My favorite bit of the State Apartments was the Privy Council room. I love hearing the various reenactments like the “Establishment of the Church of England;” “The Execution of Anne Boleyn;” “The Fall of Thomas Cromwell,” and “The Fall of Catherine Howard.”

Before access the Privy Council room, one had to pass through the Processional Route and the “Haunted Gallery.”

The Processional Route
The Processional Route

Here I walked the same route Henry VIII’s took from his private apartments to the Chapel. Legend says that the “Haunted Gallery” is so named because this is where Catherine Howard, Henry VIII’s fifth wife, ran down the hall in hopes of finding Henry and pleading her innocence after she was charged with adultery.

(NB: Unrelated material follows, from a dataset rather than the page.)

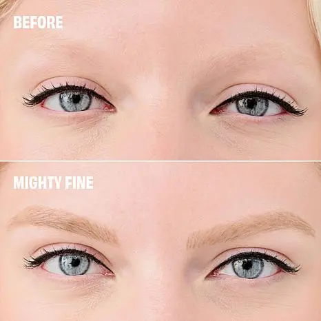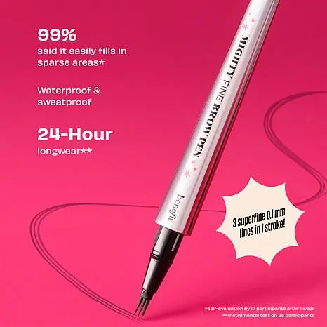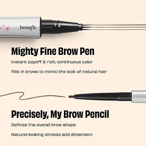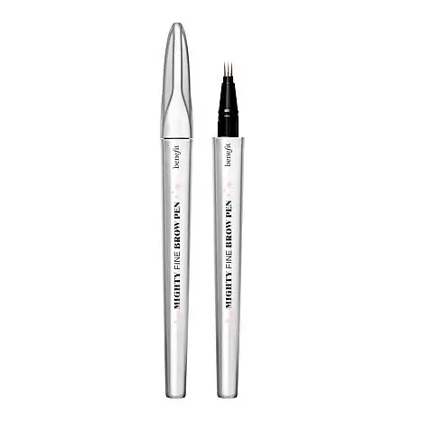 Benefit Cosmetics Mighty Fine Waterproof Brow Pen 2-pack What It Is This super-fine brow pen by Benefit draws on three superfine lines in one stroke, so you can get fuller-looking brows with a longwear formula.   What You Get (2) .01 oz. Mighty Fine Brow Pen What It Does 24-hour longwear Waterproof and sweatproof  Smudge-proof  Transfer-proof How to Use Shake, shake, shake! Hold the brush perpendicular to brows to get the finest lines. Flick upwards onto clean, dry brows. Hot Tip: Every so often, wipe brush tips gently across a clean tissue to keep them in tip-top shape.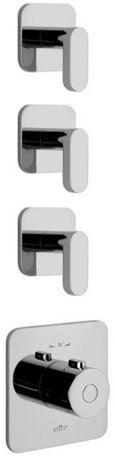 Встраиваемый термостат для ванны Webert Living LV971502015 на три потока, с внутренней частью и монтажной шиной (планкой), без душевого гарнитура, без излива. Покрытие: глянцевый хром. Материал: латунь (содержание свинца: <0.2%). Увеличенная пропускная способность. Стопор безопасной температуры 38 С°. Стандарт подключения G3/4.

There have been sightings of Catherine’s ghost running through the Haunted Gallery, still screaming for mercy.

The Chapel Royal was splendid to gaze upon. Alas, as it is still an active chapel, photos are not allowed inside the chapel. These photos are from www.hrp.org.uk.

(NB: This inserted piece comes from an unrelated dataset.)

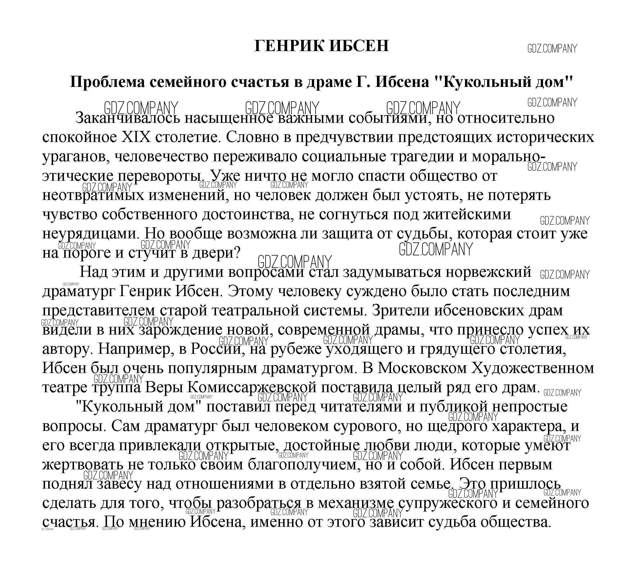 10 класс / сочинения по зарубежной литературе / Проблема семейного счастья в драме Г. Ибсена "Кукольный дом"

And as always, no trip to any medieval palace is complete without a trip to the true “privy chamber.”

I know “Groom of the Stool” was a very important job, and probably one many people coveted back in the day, but I think I’d prefer cupbearer.

Nevertheless, it was fascinating learning Henry VIII had hot and cold running water in his privy lodgings. Doesn’t seem very interesting in today’s world, but given the thoughts on water and hygiene during the 16th century, Henry having running water was a rare thing.

WILLIAM III’S APARTMENTS

Walking through William III’s state apartments were nice. The King’s Staircase was magnificent, as was the Great Bedchamber. It was funny learning the Great Bedchamber was for show, and William actually slept in the Little Bedchamber.

CHOCOLATE KITCHEN

What really surprised during my visit was the fact Hampton Court Palace was used by the Hanoverians. I thought the Stuarts were the last to actively used the palace.

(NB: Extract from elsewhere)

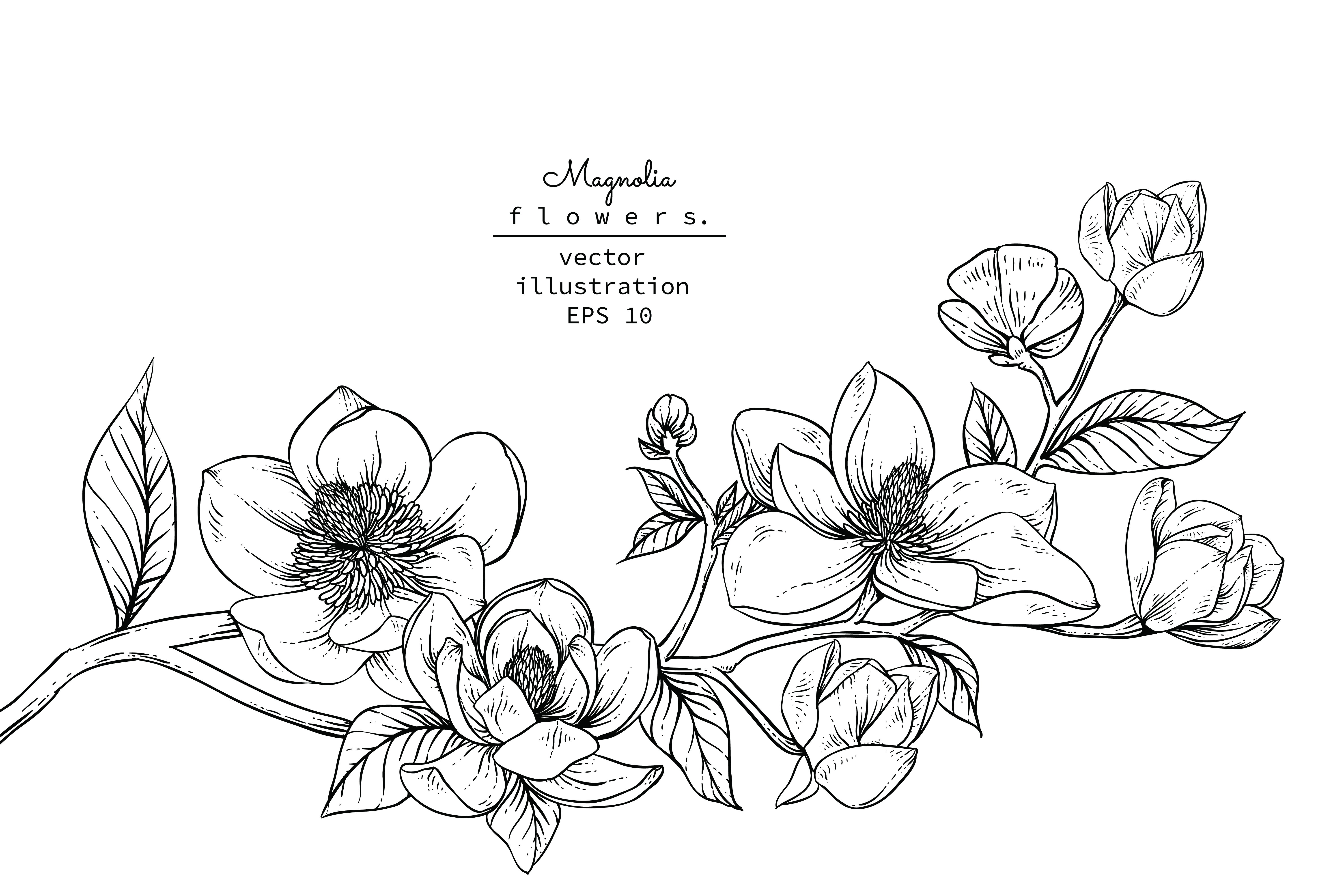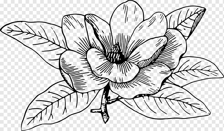 ![Магнолия цветок вектор чб]()

Another surprising aspect of my visit was learning about the Chocolate Kitchen. Seeing the kitchen and learning about Thomas Tosier, George I’s chocolate maker, was quite sweet.

Tosier also ran a chocolate house on Chocolate Row in Greenwich, south east London. His wife Grace managed and expanded the business while Thomas worked at court. It was very popular and often mentioned in the social pages of newspapers.

Chocolate Kitchen
Chocolate Kitchen

My visit to the Privy and Great Fountain Garden was quick. I’m not a nature person. The Gardens are beautiful, and are perfect if you love picnics. The Great Fountain Garden was part of Henry VIII’s hunting park. The Privy Gardens of today is a restoration of William III’s Privy Garden of 1702.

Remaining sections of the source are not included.